Даниил хмыкнул, пнул банку и произнёс ядовито:
– Паучья служба.
– Как вы это воображаете? – живо отозвался Яков. – Что я заманиваю глупых собейских обывателей райскими кущами, а потом распределяю их по кибуцам и ешивам, наверное, не без гешефта, так что ли? Да вы ведь сами знаете, как нынче – люди приезжают, и не по разу, знакомятся, примеряются. Ваши ведь так же, наверное. Как им, между прочим?
– Манишма-а, – нараспев передразнил Даниил. – Бевекаша-а. Им-то нравится. Но ведь именно между прочим, между заборами, и это чисто субъективное впечатление, оно же не отражает… А начнёшь выспрашивать – что, конкретно, – мычат.

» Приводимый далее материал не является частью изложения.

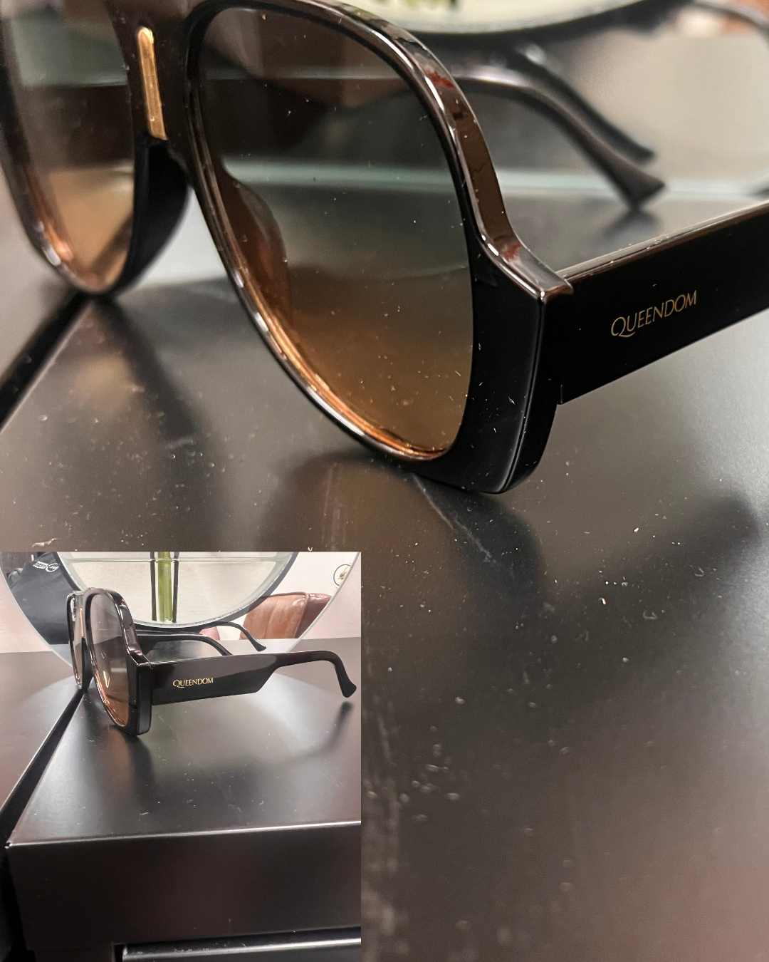 The wide temple arms are proudly stamped with the gold QUEENDOM logo — your signature of power, poise, and presence.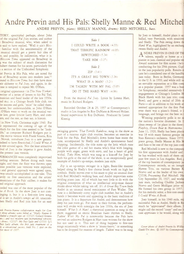 André Previn & His Pals - Modern Jazz Performances Of Songs From Pal Joey (LP, Album, RE, RM)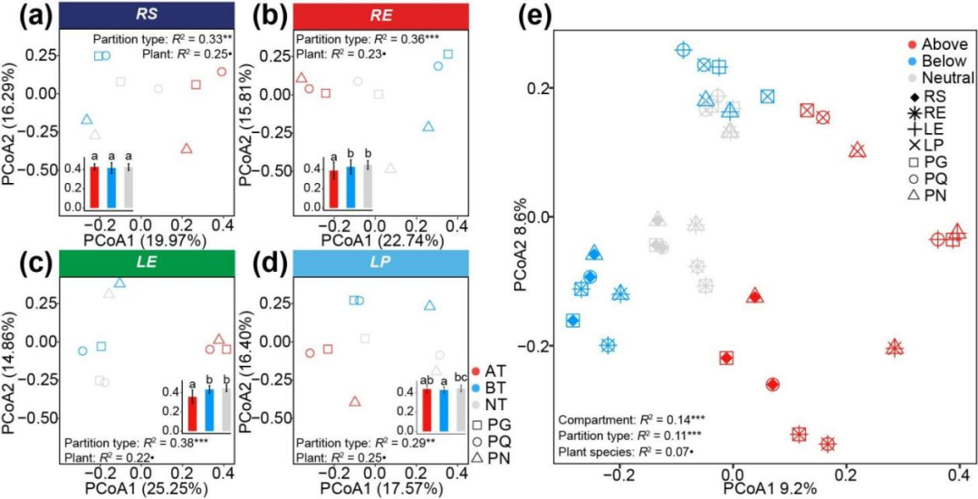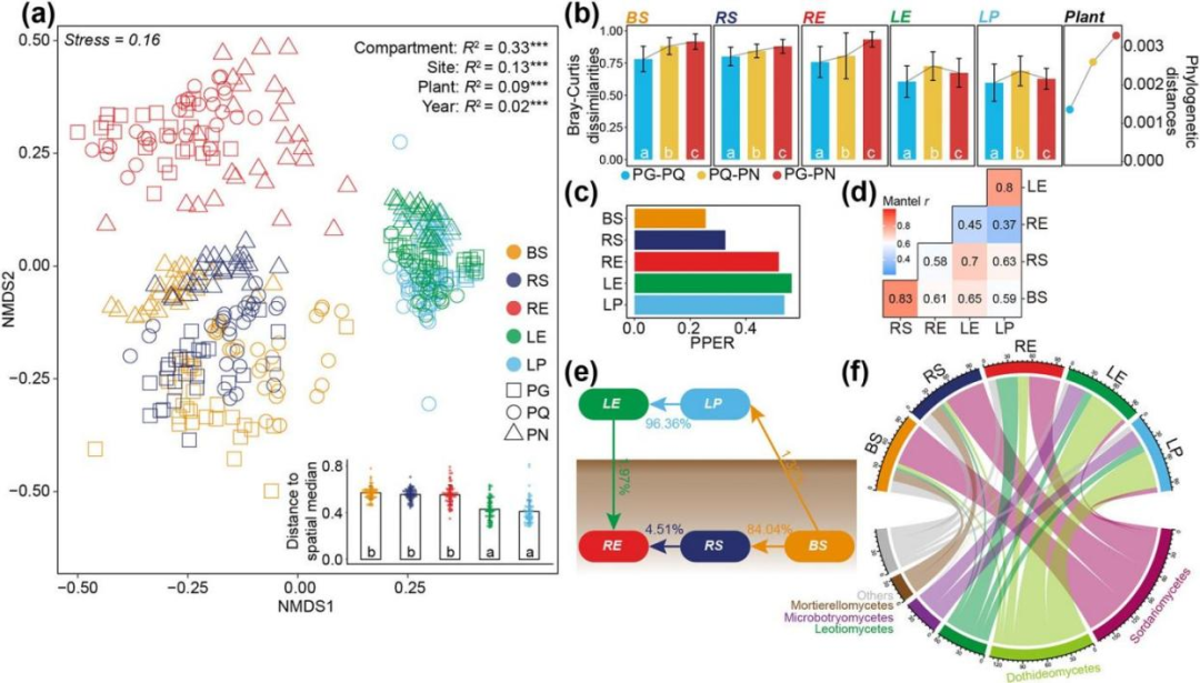 探索不同隔室中真菌群落的β多样性,地上隔室的真菌群落变化显著低于地下隔室,并且在三种植物物种中一样(图 2a)。分类群转移模型显示 LE 和 RS 中的菌群主要分别来自 LP 和 BS(图 2e)。地上隔室以 Dothideomycetes 为主,隔室主导了真菌群落的变异,不同隔室中的真菌群落在植物效应和变异模式方面存在差异。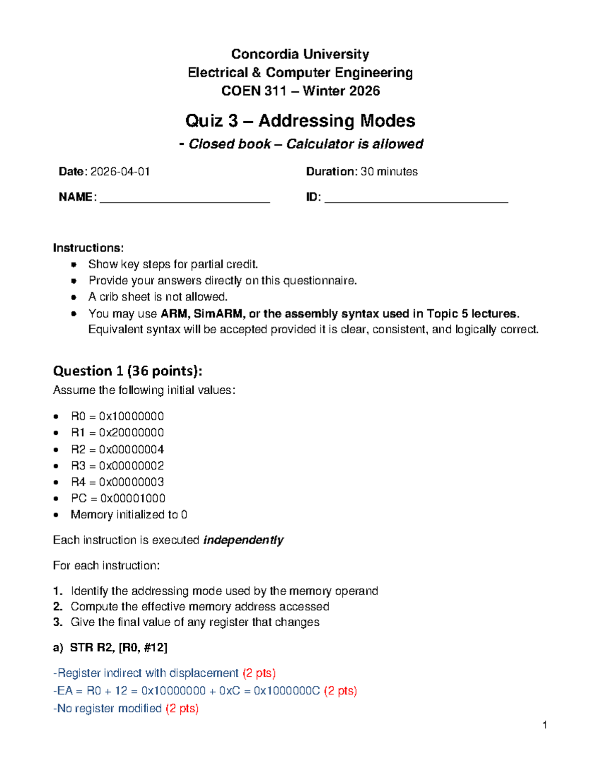 COEN 311 Winter 2026 Quiz 3 Solutions: Addressing Modes Explained - Studocu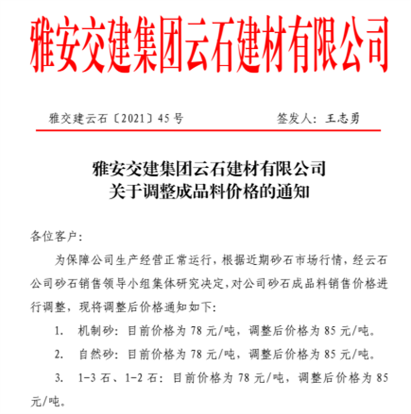 ÑŰ²½»½¨¼¯ˆF(tu¨¢n)ÔÆÊ¯¹«Ë¾êP(gu¨¡n)ÓÚÕ{(di¨¤o)Õû³ÉÆ·ÁÏäN(xi¨¡o)ÊÛƒr(ji¨¤)¸ñµÄ֪ͨ£¨2021.11.4£©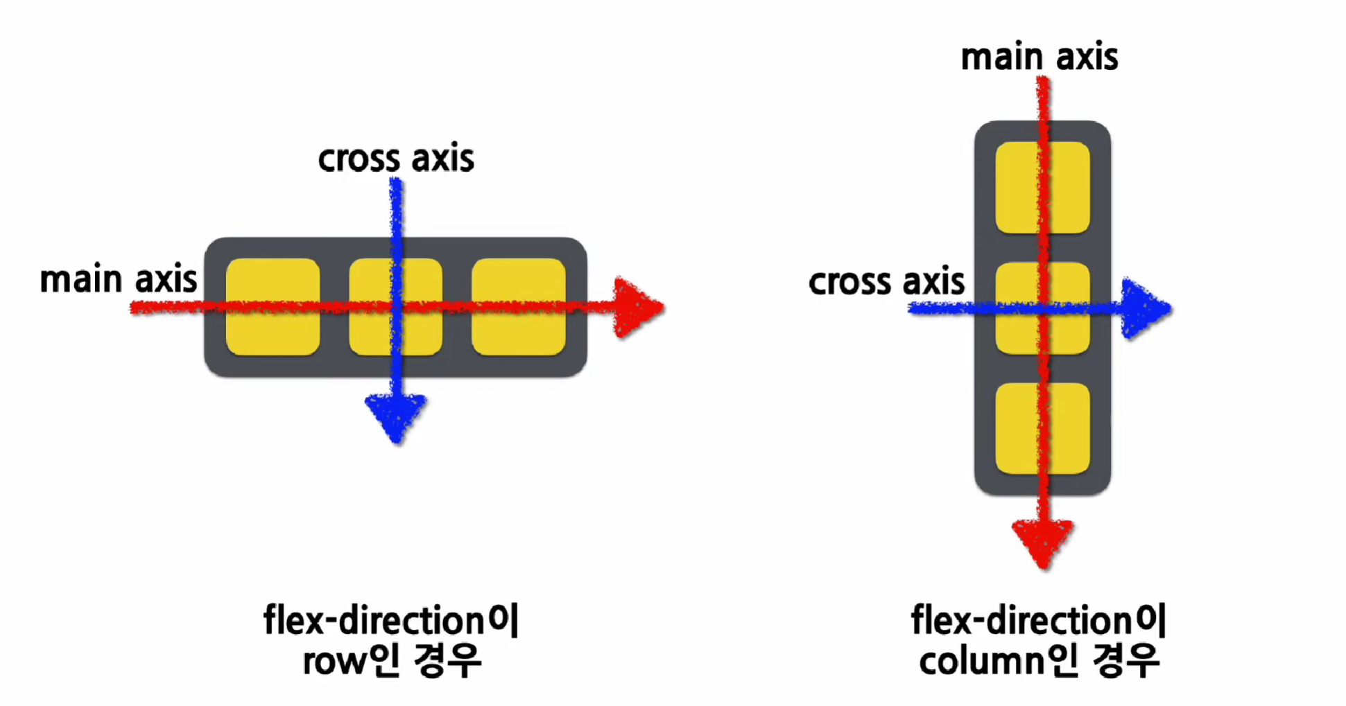 기준 축은 row 혹은 column으로 정해진다. 그림을 참고해서 정렬이 어떤 방향으로 일어나는지 확인할 수 있다. (따로 설정 안 하면 row로 설정이 된다.)

– Знаете, Даниил Юрьевич, чем больше у вас аргументов, тем как раз субъективнее они становятся, – сказала Р, лучисто улыбнувшись. У неё и голос, кстати, был хрустальный, молодой.
Он смешался – не перед словами, перед голосом. Все эти дни мечталось взлёта, чего-то внезапного, пронзительной наготы чувств. Уж если здесь, где так и так через одно вниз головой, – то… А было обыденное, пыльный, стёртый какой-то, будто нарисовали цветными карандашами, да провели по нему резинкой, город с пальмами вместо ёлок и маленькими зелёными попугаями вместо синиц. А вот положить голову на эти колени, шуршащие серебристой плиссировкой, – это бы да! Он сказал тихо и серьёзно:
– Вы думаете, что, избегая пристрастности, удастся нарисовать объективную картину?
– Объективную! – не сдержался фыркнуть Мильштейн. – На нашу-то собейщину кто едет? Одна Азия. А сюда за эти уже четверть века миллион народу перетекло. И вообще, не больно-то с Запада возвращаются. Вот вам и объективность.
– Вы вправду считаете, что тут Запад? – Даниил даже подошёл поближе, чтобы заглянуть в тёмно-серые очки Якова.
Тот поднялся, но, будучи повыше, да и шире в плечах, сейчас, когда они стояли так по-петушиному близко, выглядел не грозно, а, скорее, как растерянный родитель, убедившийся, что никакие его внушения и доказательства не действуют. Он даже обернулся к Р, будто опять за поддержкой. Или ему хотелось, чтобы она и ему так же улыбнулась. Пусть не из сочувствия, а в порядке равенства. Что делать с её вниманием, за которое оба так исподволь и настойчиво боролись, в нём не решилось, то есть он не решился на эти мысли. Он не за романтизмом сюда ехал, даже и избегал беспорядочных знакомств, в которые могла проникнуть и политическая интрига, хотя он не слишком в это верил. Он боялся разочарований. А Р была вовсе необычная – с прекрасной фигурой, однако в таком возрасте, почти доступная, сама – тянущаяся то ли к мечте, то ли к приключению, но когда накануне в кафе, не дав за себя расплатиться, она накренила сумочку, и из той выскользнул «Science» с её фотографией на обложке, – за тем простодушием, с каким она отмахнулась («а, подстерегли!»), почувствовалась жизнь другая, олимпийская, откуда она точно сбежала по ступеням облаков…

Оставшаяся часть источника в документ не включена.